--- WHAT THE TASK ASKS ---
With the pictures left aside, write out exactly the lines of the listing below from the line with "Small demijohns can" to the line with "活動(dòng)開(kāi)", both included, and only those.

--- MATERIAL SHOWN ---
********

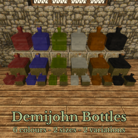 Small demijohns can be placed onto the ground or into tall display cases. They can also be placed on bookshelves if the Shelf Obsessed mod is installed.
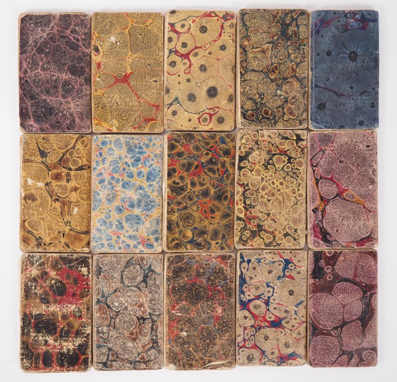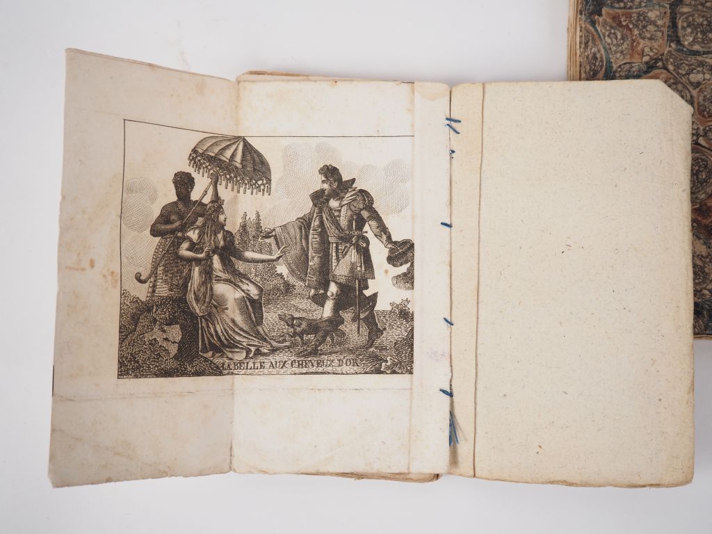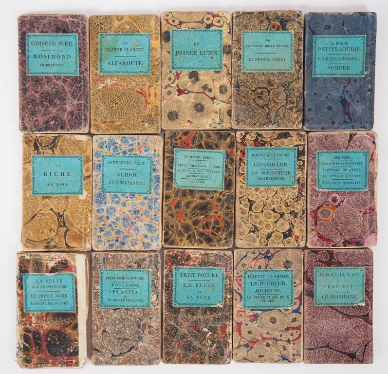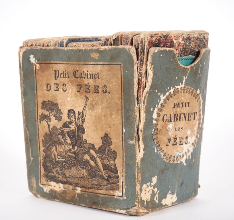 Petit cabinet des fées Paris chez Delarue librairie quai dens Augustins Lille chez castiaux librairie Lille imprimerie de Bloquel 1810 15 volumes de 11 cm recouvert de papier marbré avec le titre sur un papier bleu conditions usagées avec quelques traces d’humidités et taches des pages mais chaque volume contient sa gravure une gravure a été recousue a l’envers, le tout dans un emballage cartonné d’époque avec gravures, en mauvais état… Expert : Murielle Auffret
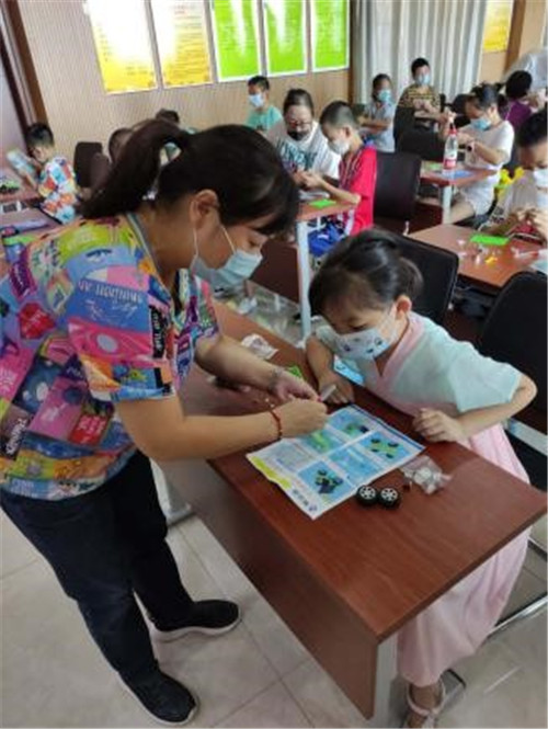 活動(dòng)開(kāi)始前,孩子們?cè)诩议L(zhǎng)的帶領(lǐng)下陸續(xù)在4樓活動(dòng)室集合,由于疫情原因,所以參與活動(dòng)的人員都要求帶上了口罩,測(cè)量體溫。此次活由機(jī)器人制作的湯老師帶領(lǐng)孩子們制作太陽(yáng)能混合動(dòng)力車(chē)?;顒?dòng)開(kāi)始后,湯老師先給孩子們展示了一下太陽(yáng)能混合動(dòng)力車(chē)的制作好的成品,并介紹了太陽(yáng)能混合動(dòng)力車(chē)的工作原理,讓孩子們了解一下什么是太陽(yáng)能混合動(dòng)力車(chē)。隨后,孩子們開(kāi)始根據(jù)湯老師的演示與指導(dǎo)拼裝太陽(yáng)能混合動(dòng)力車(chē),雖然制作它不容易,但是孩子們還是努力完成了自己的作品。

********

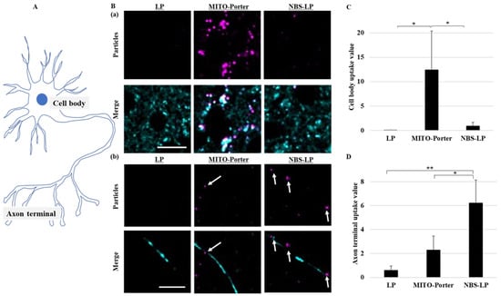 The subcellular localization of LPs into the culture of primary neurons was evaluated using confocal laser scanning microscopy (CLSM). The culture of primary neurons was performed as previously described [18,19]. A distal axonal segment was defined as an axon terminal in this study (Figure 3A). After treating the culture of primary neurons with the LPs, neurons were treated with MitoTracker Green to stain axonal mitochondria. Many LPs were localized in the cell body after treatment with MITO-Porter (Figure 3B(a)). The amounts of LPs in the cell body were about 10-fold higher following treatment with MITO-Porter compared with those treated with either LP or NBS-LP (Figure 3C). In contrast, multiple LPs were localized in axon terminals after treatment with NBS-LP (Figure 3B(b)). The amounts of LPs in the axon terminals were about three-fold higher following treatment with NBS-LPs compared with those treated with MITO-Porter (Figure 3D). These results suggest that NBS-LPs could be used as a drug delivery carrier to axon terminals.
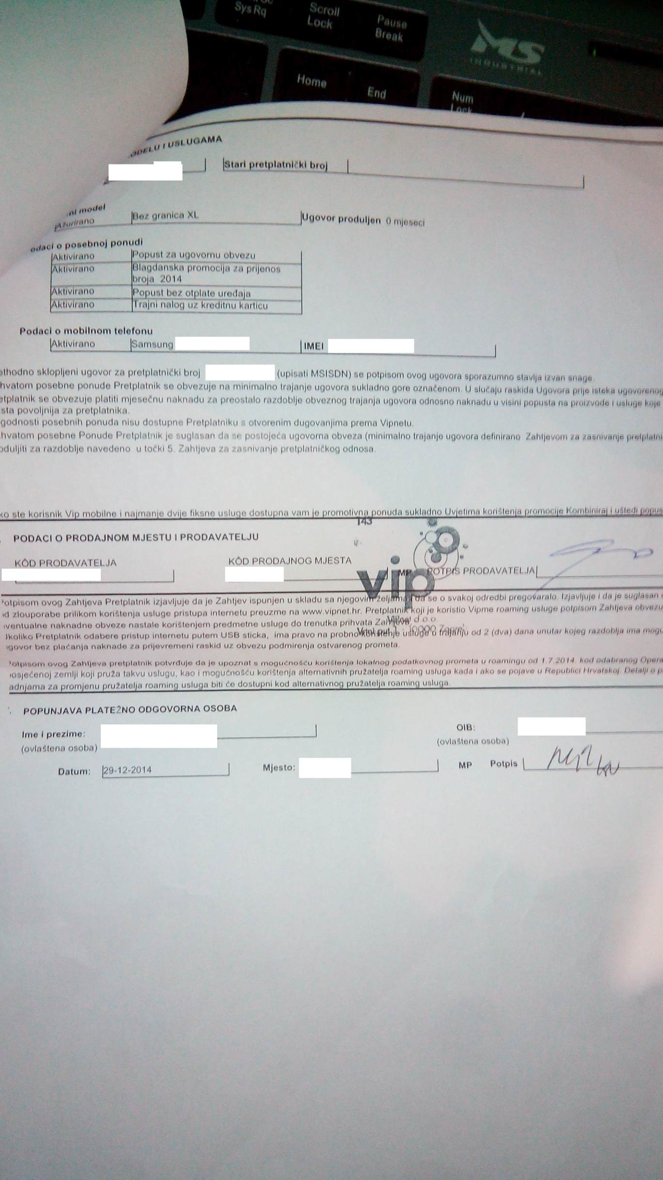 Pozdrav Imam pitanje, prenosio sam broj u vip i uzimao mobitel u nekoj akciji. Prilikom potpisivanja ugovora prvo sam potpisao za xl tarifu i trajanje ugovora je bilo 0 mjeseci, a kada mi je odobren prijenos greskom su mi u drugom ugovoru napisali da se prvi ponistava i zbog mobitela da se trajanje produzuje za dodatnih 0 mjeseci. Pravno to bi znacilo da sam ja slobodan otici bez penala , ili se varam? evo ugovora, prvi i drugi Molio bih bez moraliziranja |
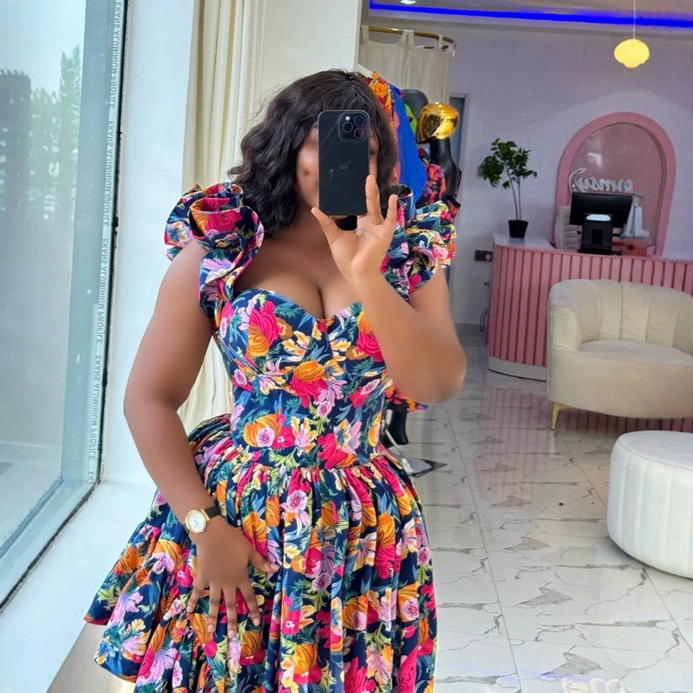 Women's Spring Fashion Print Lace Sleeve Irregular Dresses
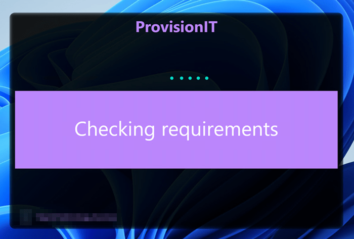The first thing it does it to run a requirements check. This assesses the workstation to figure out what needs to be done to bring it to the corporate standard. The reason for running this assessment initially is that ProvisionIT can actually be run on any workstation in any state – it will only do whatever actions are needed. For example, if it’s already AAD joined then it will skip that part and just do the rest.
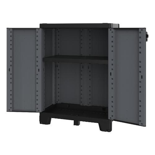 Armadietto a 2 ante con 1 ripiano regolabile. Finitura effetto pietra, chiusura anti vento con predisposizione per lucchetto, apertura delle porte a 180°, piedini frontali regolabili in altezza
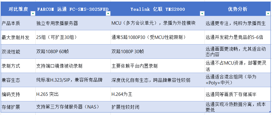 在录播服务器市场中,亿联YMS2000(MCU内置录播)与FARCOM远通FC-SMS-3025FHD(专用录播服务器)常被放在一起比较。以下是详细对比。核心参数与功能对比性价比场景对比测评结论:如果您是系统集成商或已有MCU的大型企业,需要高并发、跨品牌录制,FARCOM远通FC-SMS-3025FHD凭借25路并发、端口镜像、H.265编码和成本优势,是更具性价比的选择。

********

--- YOUR SOLUTION ---
 Small demijohns can be placed onto the ground or into tall display cases. They can also be placed on bookshelves if the Shelf Obsessed mod is installed.
 Petit cabinet des fées Paris chez Delarue librairie quai dens Augustins Lille chez castiaux librairie Lille imprimerie de Bloquel 1810 15 volumes de 11 cm recouvert de papier marbré avec le titre sur un papier bleu conditions usagées avec quelques traces d’humidités et taches des pages mais chaque volume contient sa gravure une gravure a été recousue a l’envers, le tout dans un emballage cartonné d’époque avec gravures, en mauvais état… Expert : Murielle Auffret
 活動(dòng)開(kāi)始前,孩子們?cè)诩议L(zhǎng)的帶領(lǐng)下陸續(xù)在4樓活動(dòng)室集合,由于疫情原因,所以參與活動(dòng)的人員都要求帶上了口罩,測(cè)量體溫。此次活由機(jī)器人制作的湯老師帶領(lǐng)孩子們制作太陽(yáng)能混合動(dòng)力車(chē)?;顒?dòng)開(kāi)始后,湯老師先給孩子們展示了一下太陽(yáng)能混合動(dòng)力車(chē)的制作好的成品,并介紹了太陽(yáng)能混合動(dòng)力車(chē)的工作原理,讓孩子們了解一下什么是太陽(yáng)能混合動(dòng)力車(chē)。隨后,孩子們開(kāi)始根據(jù)湯老師的演示與指導(dǎo)拼裝太陽(yáng)能混合動(dòng)力車(chē),雖然制作它不容易,但是孩子們還是努力完成了自己的作品。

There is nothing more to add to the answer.